I love movies. More importantly, I love seeing movies before almost everyone else. Certain movies will get me to the theater at midnight, so I figured I’d see them first and write a review the next day so you can get a real review from someone that isn’t a Hollywood hack.

In this installment… The Amazing Spider-Man

In 2002, Sony subsidiary Columbia Pictures released the Sam Raimi-directed Spider-Man, starring Tobey McGuire as Peter Parker/Spider-Man and Kirsten Dunst as Mary Jane Watson. The film went on to be a tremendous financial and critical success, spawning two sequels and, arguably, the subsequent wave of superhero movies we’ve seen since. Without Spider-Man and it’s predecessor, X-Men, proving to be a tremendous successes, we never would have gotten the Unified Marvel Film Universe and ultimately The Avengers.

The reason that the Mark Webb-directed The Amazing Spider-Man exists is due to a clause in the contract between Marvel and Columbia which states that Columbia had to continue making Spider-Man movies or the license would return to Marvel. This is, by the way, why five years after Spider-Man 3 we have a series reboot.
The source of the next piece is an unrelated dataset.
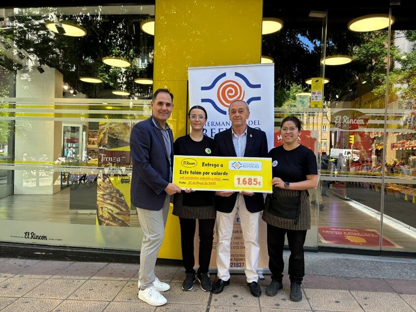 La cadena de tiendas El Rincón ha entregado un donativo de 1.685 euros a la Hermandad del Refugio de Zaragoza, fruto de una campaña solidaria llevada a cabo en los últimos meses. La recaudación se ha conseguido gracias a las aportaciones voluntarias de los clientes a través de huchas solidarias instaladas en sus establecimientos de Zaragoza, Huesca, Logroño y Madrid.

With all this being said, The Amazing Spider-Man is not a quickly hashed together remake of Spider-ManIt is a much different film; there is less of Raimi’s trademark “camp” and both the story and acting are truer to the comic book character, including Spider-Man’s infamous body count.
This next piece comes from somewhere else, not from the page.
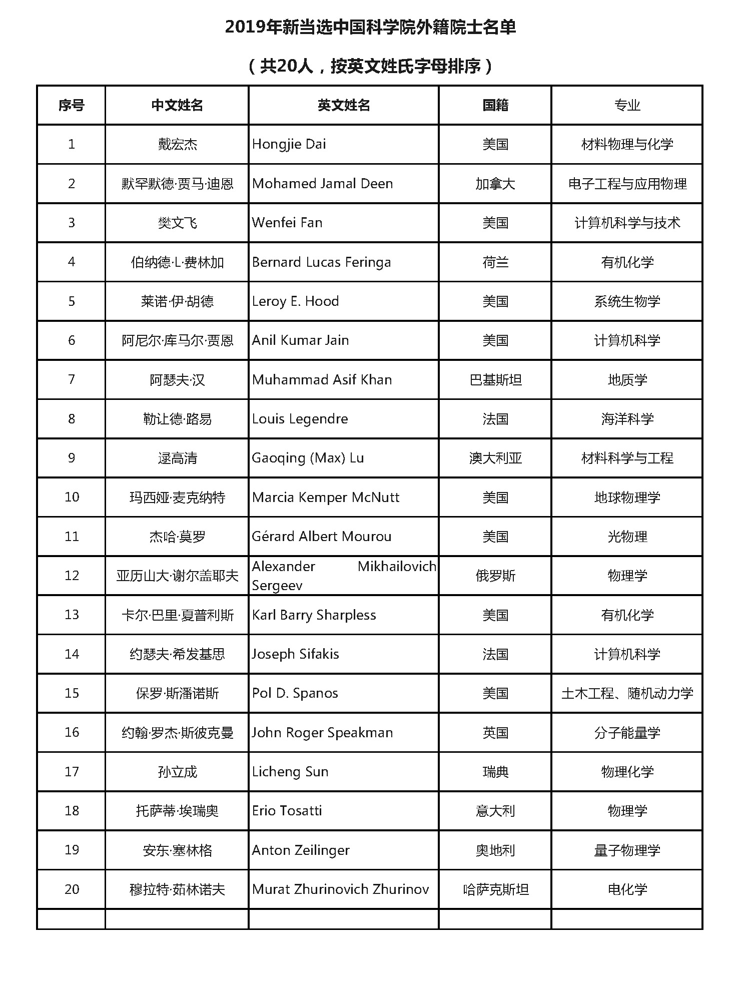 关于公布2019年中国科(kē)學(xué)院院士增选当选院士名单的(de)公告

Spider-Man’s origin story is no secret: teenage nerd and loner Peter Parker gets bitten by a radioactive/mutant spider and gains super strength, super agility, the ability to stick to most surfaces, and a sixth “spider” sense that warns him when danger is approaching. In the Raimi films, Peter developed organic webshooters as part of his mutation; in the Webb film, Peter builds them himself.

In The Amazing Spider-Man, Peter Parker is angry. He doesn’t have Tobey McGuire’s happy-go-lucky charm. He’s a damaged person, having lost his mother and father, and eventually his uncle, Ben Parker, who provides him with the impetus to become Spider-Man with his quote “With great power, comes great responsibility.”. Although Martin Sheen, who plays Uncle Ben in The Amazing Spider-Man, doesn’t utter those famous words, he does paraphrase them. Garfield’s Spider-Man is lean and lithe, and frankly a bit of a jackass, which is what Spider-Man should be.

The story follows Parker’s discovery of his powers, his debut as Spider-Man, and eventually his showdown with The Lizard, played as both human Curt Connors and a CGI beast by Rhys Ifans.

So, how does this film stack up, both in comparison to it’s predecessor as well as on it’s own? I enjoyed it a great deal. Andrew Garfield is a sarcastic and vulnerable Peter Parker, who comes home every night with bruises and cuts and still goes out the next night. Emma Stone’s Gwen Stacy is a tragic figure, assuming you know her ultimate fate in the comics, but delivers an immensely entertaining experience here. While Tobey McGuire and Kirsten Dunst were meant to be high school students, you never quite believed it. With Garfield and Stone, they capture the awkwardness of being 18 while embracing the sense of invulnerability that comes with being young.

All in all, I’d highly recommend giving The Amazing Spider-Man a view.